Such a network container is nn.Sequential which feeds the input through several layers.

In [ ]:
net = nn.Sequential()
net:add(nn.SpatialConvolution(1, 6, 5, 5)) -- 1 input image channel, 6 output channels, 5x5 convolution kernel
net:add(nn.SpatialMaxPooling(2,2,2,2))     -- A max-pooling operation that looks at 2x2 windows and finds the max.
net:add(nn.SpatialConvolution(6, 16, 5, 5))
net:add(nn.SpatialMaxPooling(2,2,2,2))
net:add(nn.View(16*5*5))                   -- reshapes from a 3D tensor of 16x5x5 into 1D tensor of 16*5*5
net:add(nn.Linear(16*5*5, 120))            -- fully connected layer (matrix multiplication between input and weights)
net:add(nn.Linear(120, 84))
net:add(nn.Linear(84, 10))                 -- 10 is the number of outputs of the network (in this case, 10 digits)
net:add(nn.LogSoftMax())                   -- converts the output to a log-probability. Useful for classification problems

print(net:__tostring());

In [ ]:
mlp=nn.Parallel(2,1);     -- iterate over dimension 2 of input
mlp:add(nn.Linear(10,3)); -- apply to first slice
mlp:add(nn.Linear(10,2))  -- apply to first second slice
x = torch.randn(10,2)
print(x)
print(mlp:forward(x))


Other examples of nn containers are shown in the figure below:

Every neural network module in torch has automatic differentiation. It has a :forward(input) function that computes the output for a given input, flowing the input through the network. and it has a :backward(input, gradient) function that will differentiate each neuron in the network w.r.t. the gradient that is passed in. This is done via the chain rule.

In [ ]:
input = torch.rand(1,32,32) -- pass a random tensor as input to the network

In [ ]:
output = net:forward(input)

In [ ]:
net:zeroGradParameters() -- zero the internal gradient buffers of the network (will come to this later)

In [ ]:
gradInput = net:backward(input, torch.rand(10))

In [ ]:
print(#gradInput)


#### Criterion: Defining a loss function¶

When you want a model to learn to do something, you give it feedback on how well it is doing.

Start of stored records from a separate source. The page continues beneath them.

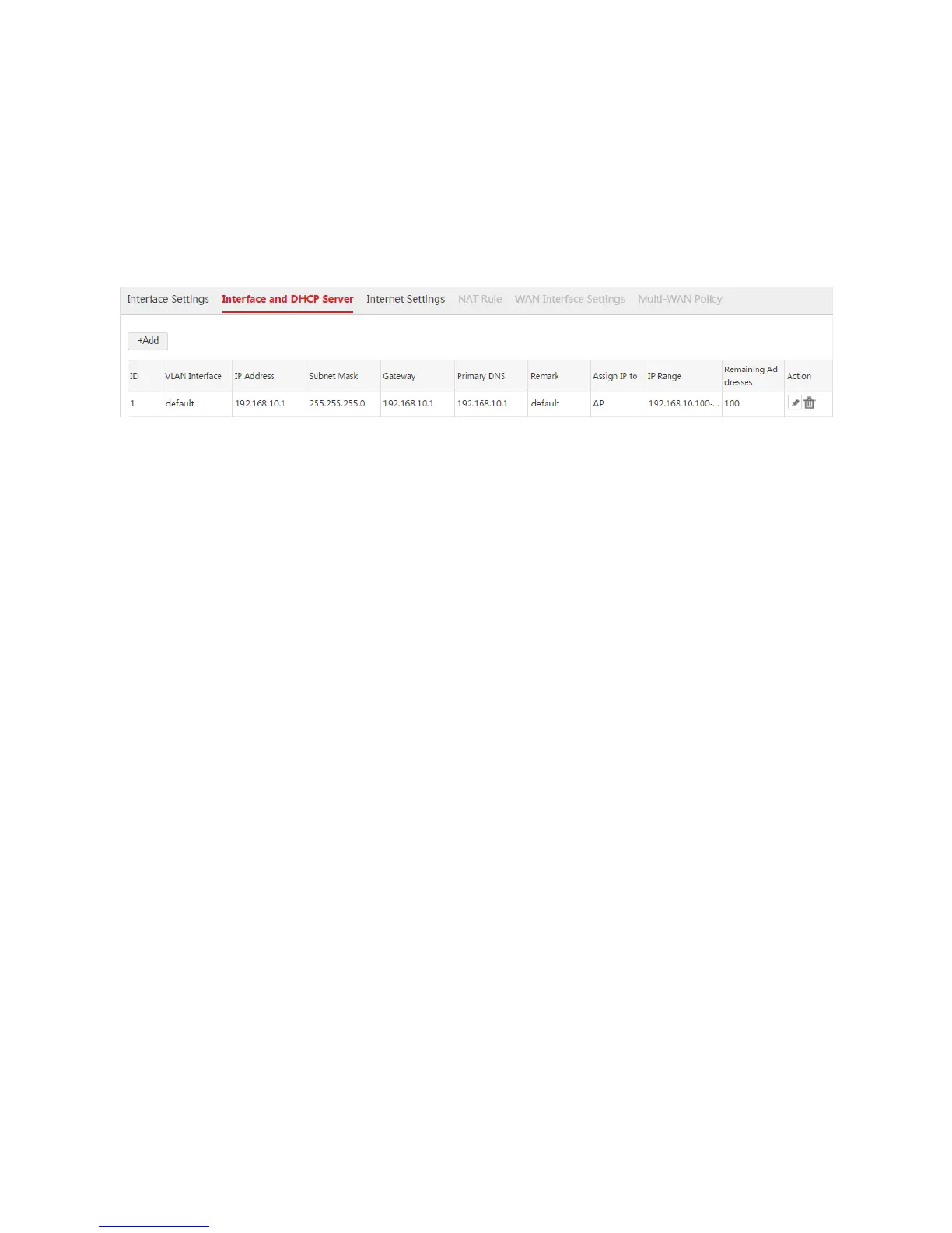 Choose Network Setting > Network Setting > Interface and DHCP Server and create four DHCP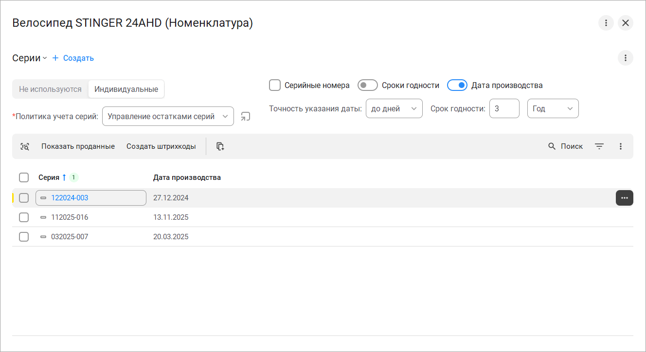 Серии можно указывать справочно или контролировать по ним остатки. Учет товаров по сериям дает возможность отличать конкретный экземпляр товара или часть товарных запасов от остального объема товаров того же наименования.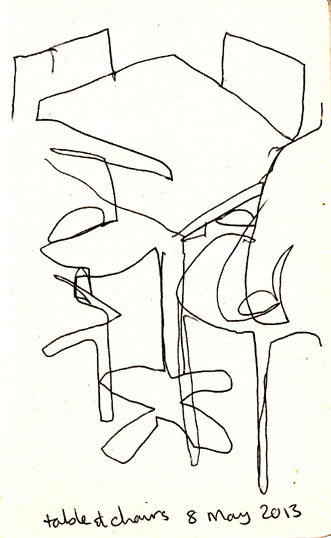 One artist whose book of sketches is one I’ll be tracking down to add to my library is Kevin Connor. Connor says “when you are up against a brick wall or in doubt, draw!” – he also suggests that the best place to draw from is with your back to a wall, preferably in a friendly coffee shop or bar, so no one can look over your shoulder! Inspired by the intense lines in Connor’s drawings I took up my own pen to make this quick sketch of my coffee mug.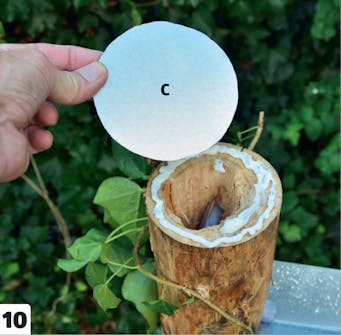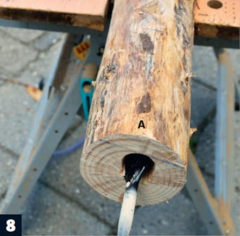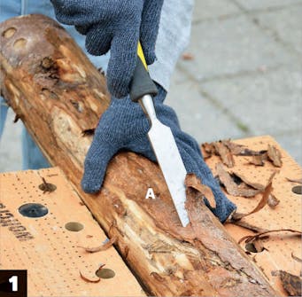 Kuori tolpat (A). Voit käyttää kuorimiseen talttaa. Jos puu on hieman kosteaa, kuori irtoaa melkein itsestään.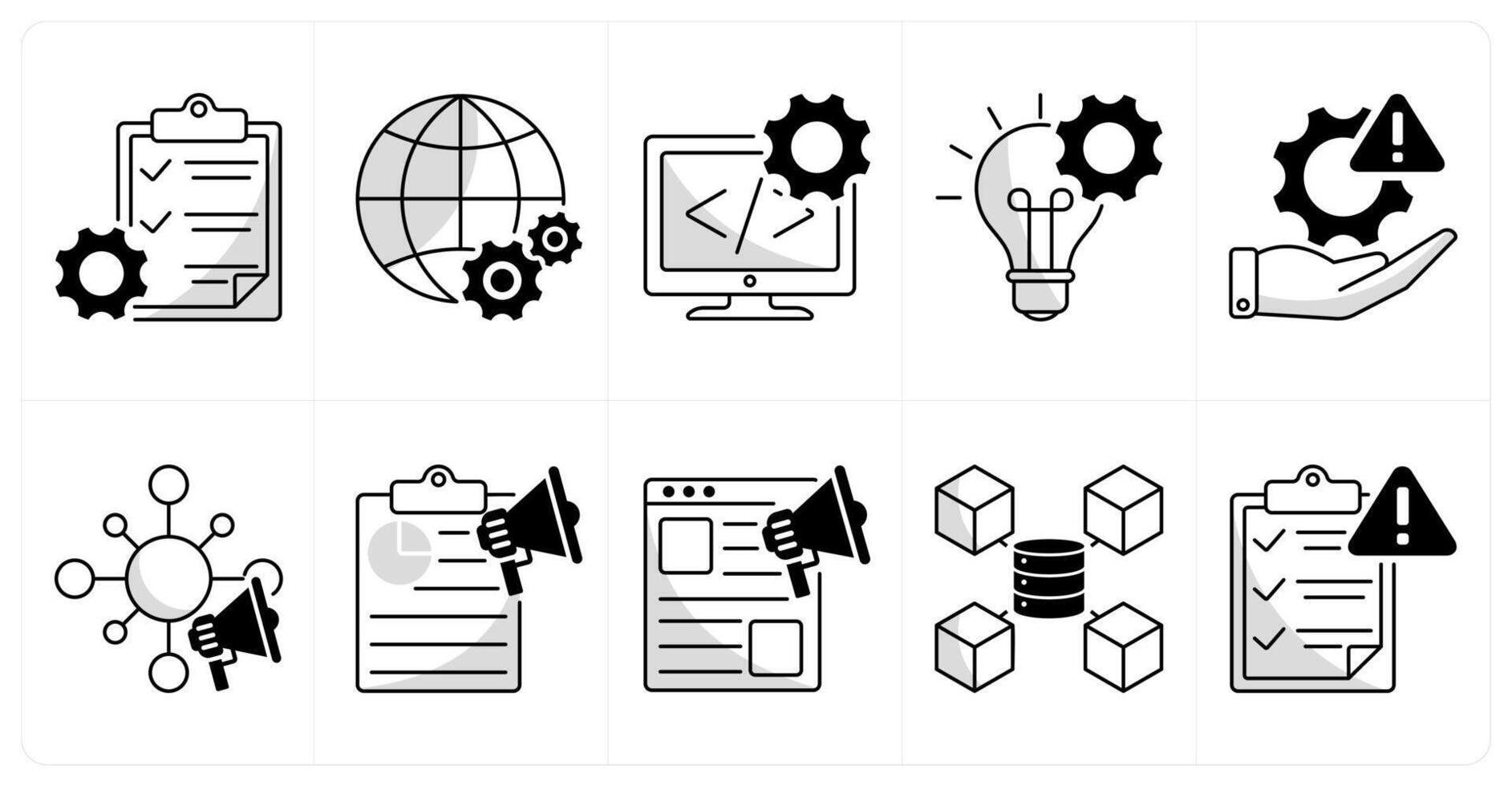 A set of 10 business icons as project management, global setting, development Pro Vector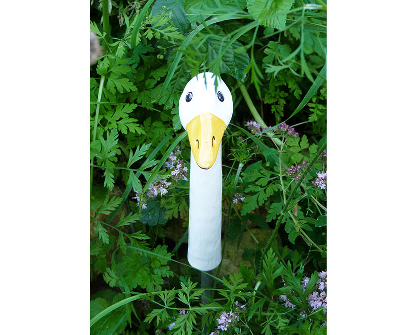 Der Mini-Gartenstecker Gans hat an der Unterseite ein ca. 1 cm großes Loch zur Aufnahme eines Metall- oder Holzstabs. So können Sie den Gartenstecker in gewünschter Höhe in Ihre Blumenbeete stellen. Schön sieht dieser Gartenstecker auch vor der Haustür aus, wenn Sie ihn zu zweit oder dritt in einen schön bepflanzten Blumenkübel stecken. Passen Sie die Länge des Stabs entsprechend der benötigten Höhe an.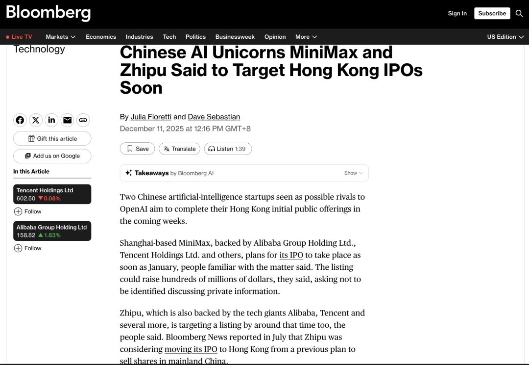 彭博社的报道提供了更多细节,MiniMax最快可能在明年1月上市,募资数亿美元;智谱AI也瞄准相近时间点,此前曾考虑内地上市计划已转为港股。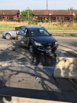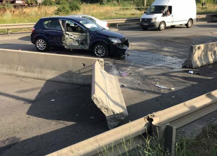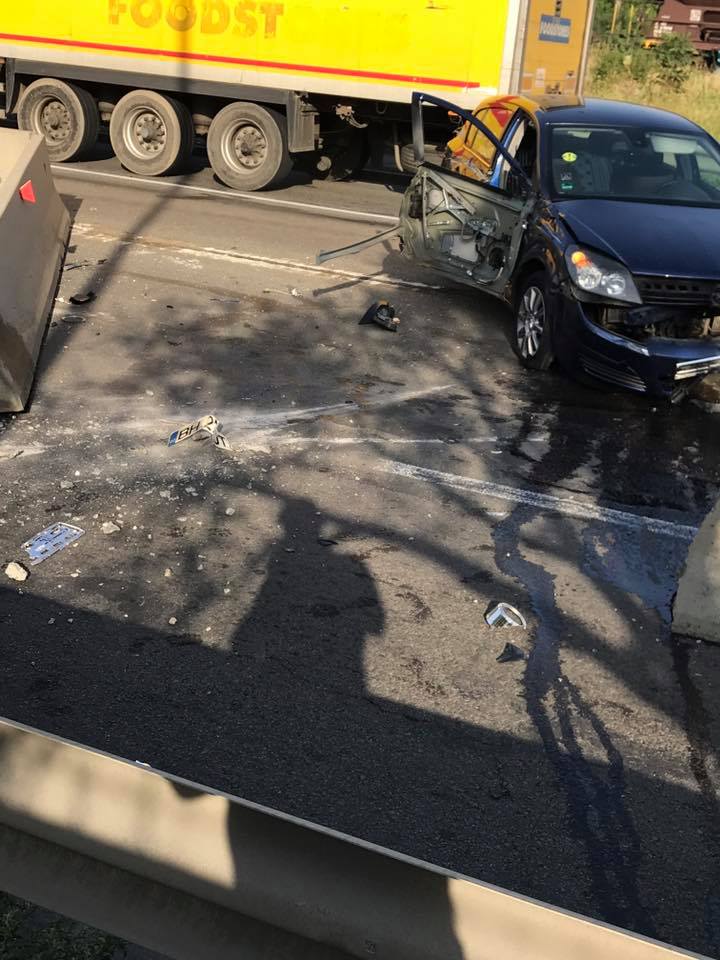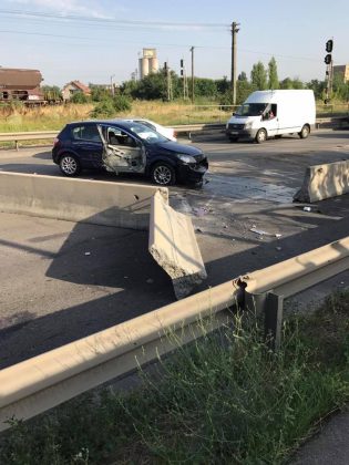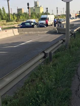 Din impact, parapeţii New Jersey care delimitează cele două sensuri de mers, au fost mutaţi câţiva metri, la marginea şoselei.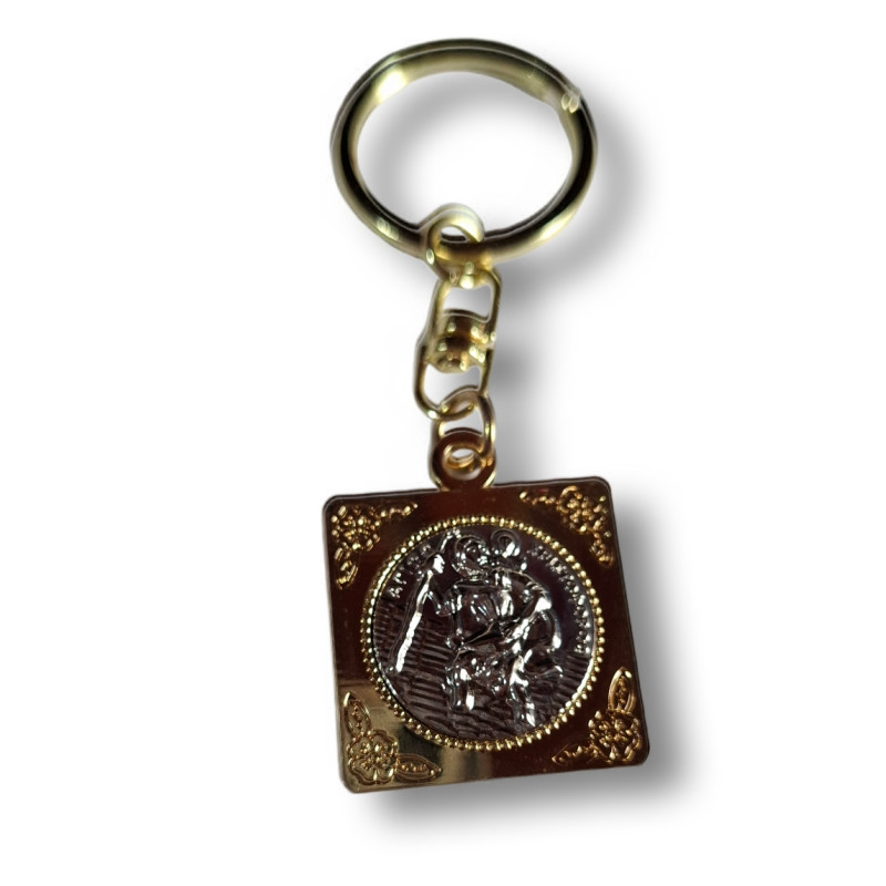 Tento stylový přívěsek na klíče spojuje dvě silné postavy křesťanské tradice: Pannu Marii s Ježíškem – symbol mateřské lásky a přímluvy – a svatého Kryštofa, ochránce všech, kdo jsou na cestách. Medailonek je oboustranný, s precizním kovovým reliéfem a jemnými ornamenty v rozích, které dodávají celku elegantní zlatý lesk.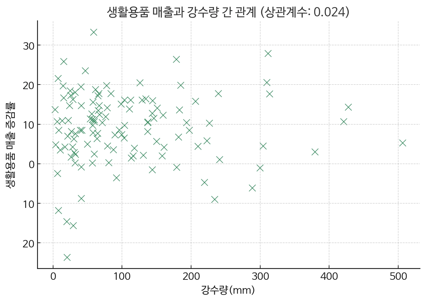 생활용품 ↔ 강수량(mm) | +0.024 | 0.791 | 상관 거의 없음, 통계적으로 유의하지 않음 |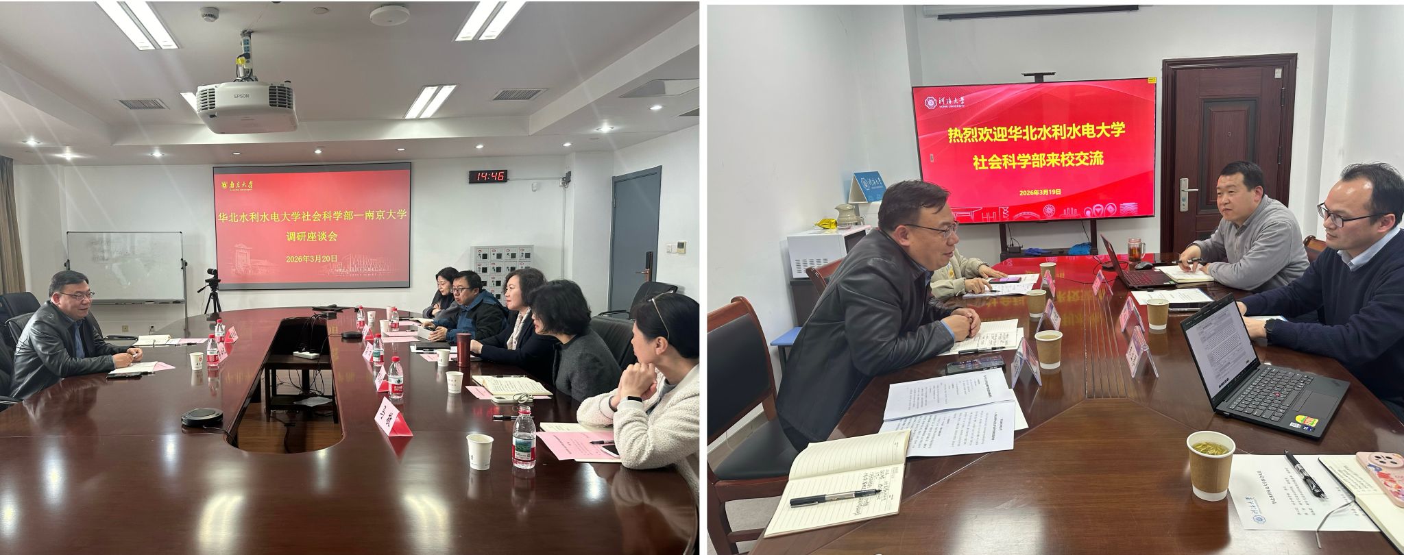 调研过程中,李心记一行与两校同行充分交流探讨,深入学习了两校在社科管理体制机制、新文科建设、科研创新发展、智库建设、哲学社会科学实验室建设等方面的宝贵经验。此次交流调研,搭建了校际社科领域合作交流的桥梁,为我校社会科学部精准把握新文科建设方向、深化治水特色社科研究、完善智库建设体系提供了新思路、新方法。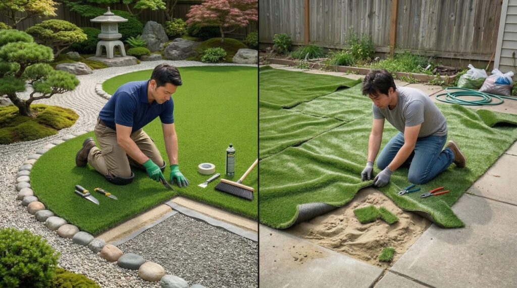 DIY施工で最も多い問題は、継ぎ目の処理と固定の甘さです。継ぎ目が浮いていたり端部の固定が不十分だと、走り回る子供がつまずいて転倒する危険があります。たとえば、整地が甘くて土台が沈んでいると、雨のたびに水たまりができてしまい、水遊びどころか日常的に使えない庭になってしまうこともあります。

This function that computes an objective measure of the model's performance is called a loss function.

A typical loss function takes in the model's output and the groundtruth and computes a value that quantifies the model's performance.

The model then corrects itself to have a smaller loss.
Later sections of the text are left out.